Der Revision wird nicht Folge gegeben.

Die beklagte Partei ist schuldig, der klagenden Partei binnen 14 Tagen die mit 939,24 EUR (darin 156,54 EUR Umsatzsteuer) bestimmten Kosten des Revisionsverfahrens zu ersetzen.

Text

Entscheidungsgründe:

[1]            Die Beklagte ist Regelzonenführerin (iSd § 7 Abs 1 Z 60 ElWOG 2010) und Übertragungsnetzbetreiberin (iSd § 7 Abs 1 Z 70 ElWOG 2010) für die Regelzone, die im Wesentlichen ganz Österreich mit Ausnahme von Tirol und Vorarlberg umfasst. Teil dieser Regelzone sind auch die Verteilerleitungen der N* GmbH.

[2]            Die Klägerin ist Elektrizitätserzeugerin (iSd § 7 Z 17 ElWOG 2010). Sie betreibt sechs Windparks, die an das Verteilernetz der N* GmbH angeschlossen sind.

[3]            Zu den Aufgaben der Beklagten als Regelzonenführerin gehört die Aufrechterhaltung der Netzstabilität im Verbundnetz; dazu zählen auch das Engpassmanagement und die Aufrechterhaltung der Versorgungssicherheit. In der Nacht von 8. auf 9. 4. 2018 kam es in der Regelzone der Beklagten zu einer Engpasssituation. Zur Vermeidung eines Engpasses in ihrem Netz wies die Beklagte die N* GmbH per Email (gesendet um 18:49 Uhr) an, zwischen 20:00 Uhr und 24:00 Uhr die aus Winderzeugung zu erwartende Einspeisung an der Übergabestelle S* um 200 MW zu reduzieren.

[4]            Die N* GmbH teilte die dafür erforderliche Leistungsreduktion auf die am Knoten S* einspeisenden Windkraftanlagenbetreiber auf und gab die Anweisung, die maximale Einspeiseleistung auf 30 % der Engpassleistung zu reduzieren, an die Klägerin per Email (mit dem Betreff „Notfallmaßnahme von APG“) weiter.

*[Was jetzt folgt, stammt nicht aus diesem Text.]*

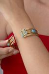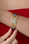 Bileziğin üzerinde yer alan firuze taşlar, hem enerjisi hem de göz alıcı mavisiyle tasarıma canlılık katar. Geometrik yerleşimlerle süslenmiş bu taşlar, klasik altın dokusuna modern bir kontrast sunar. Günlük hayatta sade kombinlerinize renk katarken, özel davetlerde de göz kamaştırıcı bir aksesuar haline gelir.
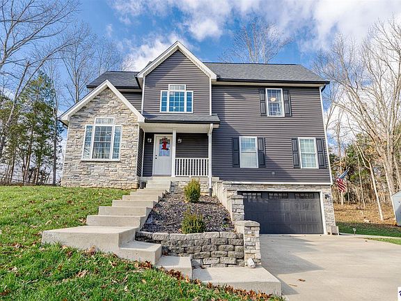 WOW! This one has it all!! Style, comfort and privacy are found here with this custom build tucked away on a triple lot, in a private cul de sac that backs up to a farm. Truly a fabulous location within the gated community of Doe Valley. You wont find anything else on the market like this one, at this price. From the moment you walk in; you are greeted with intoxicating features such as: interior balconies, cathedral ceilings and a custom electric fireplace. The primary bedroom boasts tray ceilings and private ensuite features double vanity, separate shower and soaking tub; all on the main level. The design of this home is an entertainers dream including a formal dining room, laundry and half bath also on main level and continuing to the basement is an additional family room, bar area, full bedroom and full bath! Upstairs you find 2 bedrooms and another full bath. If all this wasn't enough; the Gated Community of Doe Valley offers amenities that include a 360 acre lake, marina, two beaches, club house, golf course, tennis courts, private security, play grounds, pool and camping.

[5]            Die Klägerin nahm die angeordnete Leistungsreduktion vor. Aufgrund des dadurch bewirkten Erzeugungsverlusts erlitt die Klägerin einen Verdienstentgang in Höhe von 12.434,43 EUR.

[6]            In den zwischen der Klägerin mit der N* GmbH bestehenden Netzzugangsverträgen finden sich unter Punkt 5.1.1 Regelungen über allfällige zur Aufrechterhaltung der sicheren Allgemeinversorgung erforderliche Einspeisebeschränkungen und die Vereinbarung eines Haftungsausschlusses für den dadurch entgangenen Gewinn. Zwischen der Klägerin und der Beklagten besteht kein Netzanschlussvertrag und auch sonst keine vertragliche Beziehung, insbesondere auch nicht für Engpassmanagementmaßnahmen iSd § 23 Abs 2 Z 5 ElWOG 2010.

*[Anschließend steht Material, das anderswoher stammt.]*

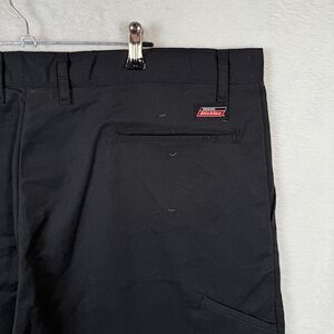 Dickies Casual Flat Front Core Work Pants Black Tool Pocket Straight Leg Size 42x32. No interior tags or size tags. NWOT , tool / screwdriver pocket on leg, front and back pockets, uniform pants. Excellent condition. See photos for details and unstretched measurements. Shop my closet and bundle multiple items for discounts and one shipping fee!
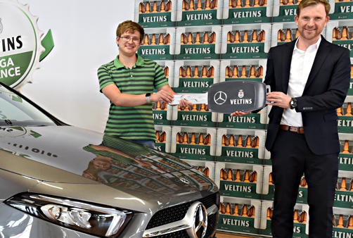Marl. Tim Marcel Dichpol fährt ab sofort sein eigenes Auto, das er bei der Veltins Megachance gewonnen hat! Der Auszubildende aus Marl konnte es gar nicht glauben und wollte sogar zuerst gar nicht ans Telefon gehen, als es klingelte. „Ich dachte erst, das sei ein Fake-Anruf und konnte es gar nicht fassen, aber nach einem Blick auf die Internetseite war ich total glücklich“, sagt der 23-Jährige. Mit einem Kronkorken wurde er zum stolzen Besitzer einer neuen Mercedes-Benz A-Klasse. Die Kronkorken-Aktion 2021 begleitet das Frühlings- und Sommergeschäft der Marke Veltins und überrascht mit 7 Millionen Euro Sofortgewinnen und zusätzlich 25 Mercedes-Benz.
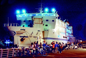 臺(tái)華輪船齡十八年,排水八千噸,可搭載一千一百余人,最大航速二十二節(jié),高雄到馬公航程四個(gè)多小時(shí),從馬公到廈門要六點(diǎn)五小時(shí)至七小時(shí)。

[7]            Die Klägerin forderte die Beklagte auf, ihr den infolge der Engpassmanagementmaßnahme erlittenen Verdienstentgang gemäß § 23 Abs 9 ElWOG 2010 zu ersetzen. Die Beklagte lehnte dies ab.

[8]            Mit ihrer Klage begehrte die Klägerin von der Beklagten 12.434,43 EUR sA. Gemäß § 23 Abs 9 ElWOG 2010 habe die Klägerin gegenüber der Beklagten Anspruch auf ein angemessenes Entgelt zum Ausgleich der durch die Engpassmanagementmaßnahmen erlittenen wirtschaftlichen Nachteile.

[9]            Die Beklagte beantragte die Abweisung des Klagebegehrens. Die Beklagte habe keine Anordnung iSd § 23 Abs 9 ElWOG 2010 erteilt, sodass ein auf diese Bestimmung gestützter Anspruch nicht bestehe.

[10]           Das Erstgericht gab dem Klagebegehren statt.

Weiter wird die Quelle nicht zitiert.